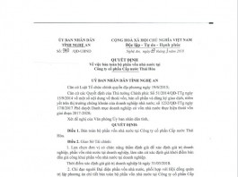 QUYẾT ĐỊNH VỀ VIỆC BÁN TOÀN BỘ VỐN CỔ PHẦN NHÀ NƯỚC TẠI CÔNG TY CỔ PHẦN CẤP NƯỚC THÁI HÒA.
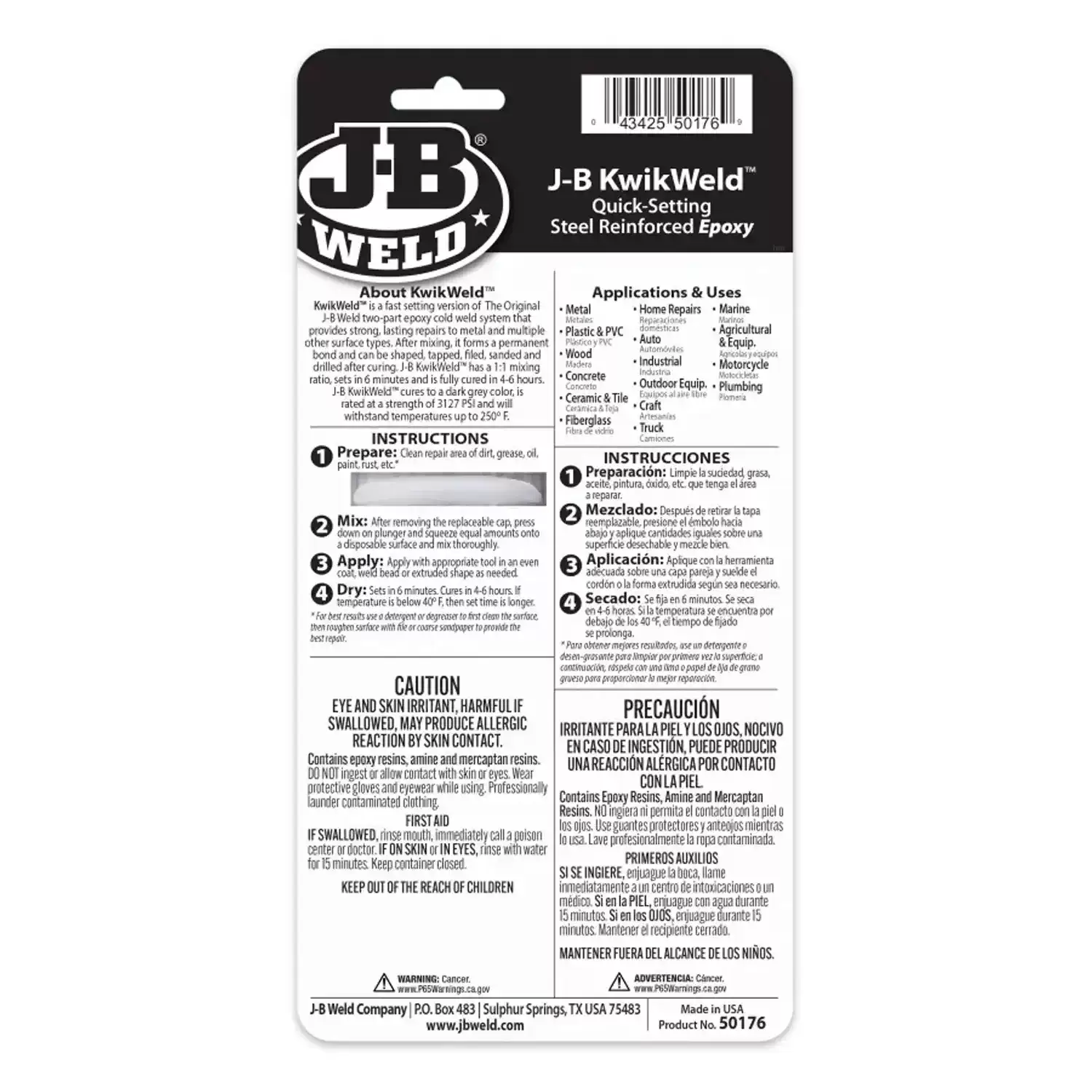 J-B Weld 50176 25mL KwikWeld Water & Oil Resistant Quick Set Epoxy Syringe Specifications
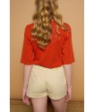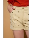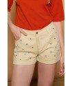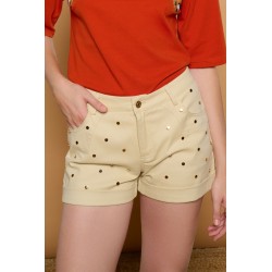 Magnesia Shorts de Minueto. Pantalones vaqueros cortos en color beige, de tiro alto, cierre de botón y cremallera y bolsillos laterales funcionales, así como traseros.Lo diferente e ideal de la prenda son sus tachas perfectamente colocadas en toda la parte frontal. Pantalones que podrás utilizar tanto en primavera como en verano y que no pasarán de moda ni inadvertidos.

────

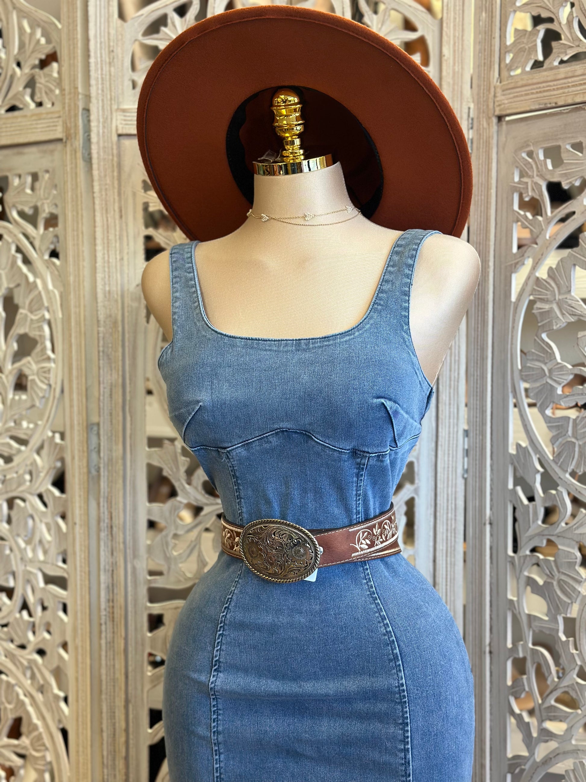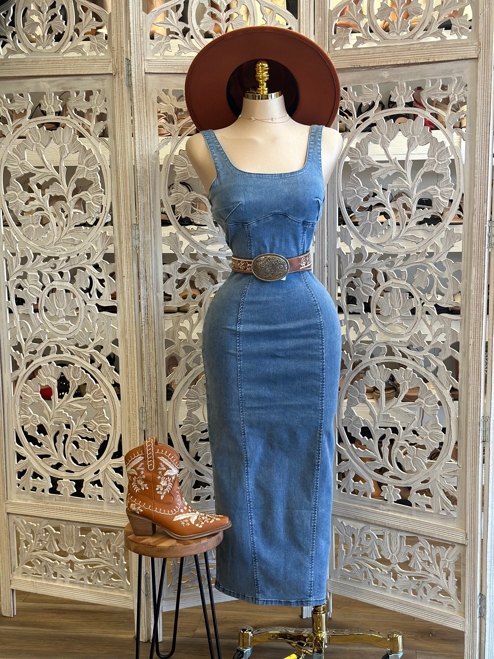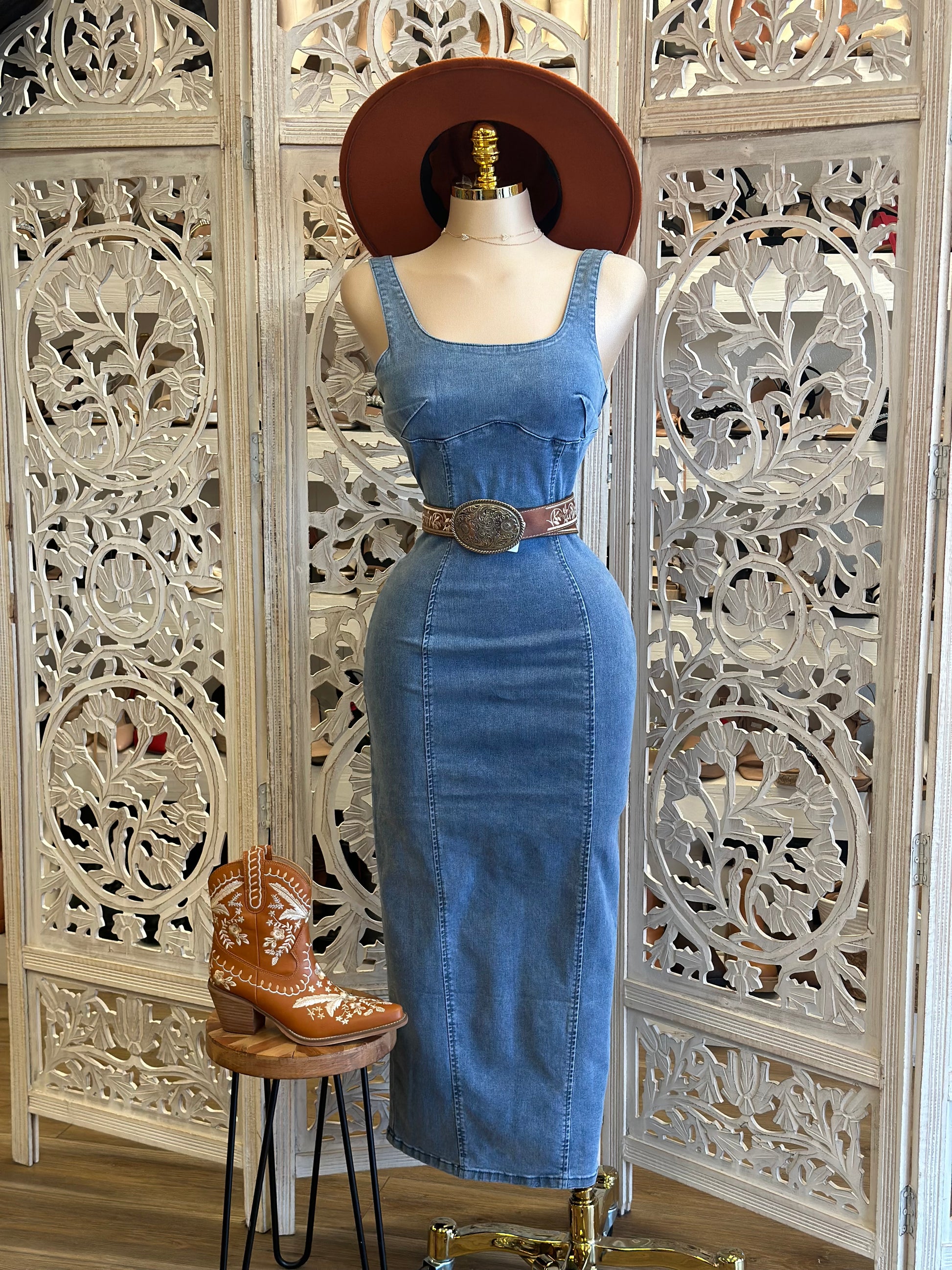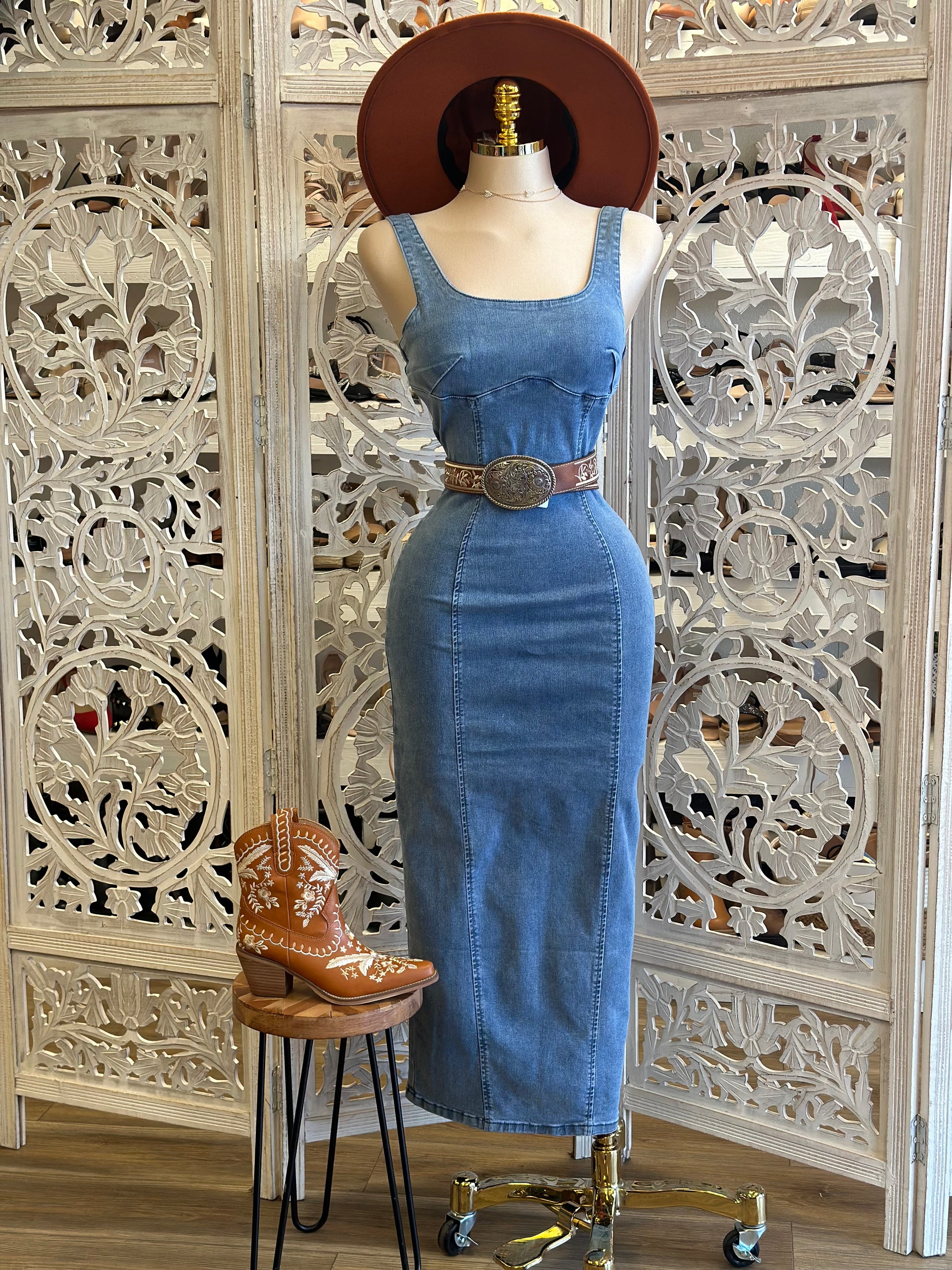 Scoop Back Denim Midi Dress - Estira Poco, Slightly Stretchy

────

**Directions for this task:**
Although the records above contain pictures, the copy must not; set down exactly the lines from the one with "QUYẾT ĐỊNH VỀ" up to and including the one with "J-B Weld 50176".

**Solved exercise:**
 QUYẾT ĐỊNH VỀ VIỆC BÁN TOÀN BỘ VỐN CỔ PHẦN NHÀ NƯỚC TẠI CÔNG TY CỔ PHẦN CẤP NƯỚC THÁI HÒA.
 J-B Weld 50176 25mL KwikWeld Water & Oil Resistant Quick Set Epoxy Syringe Specifications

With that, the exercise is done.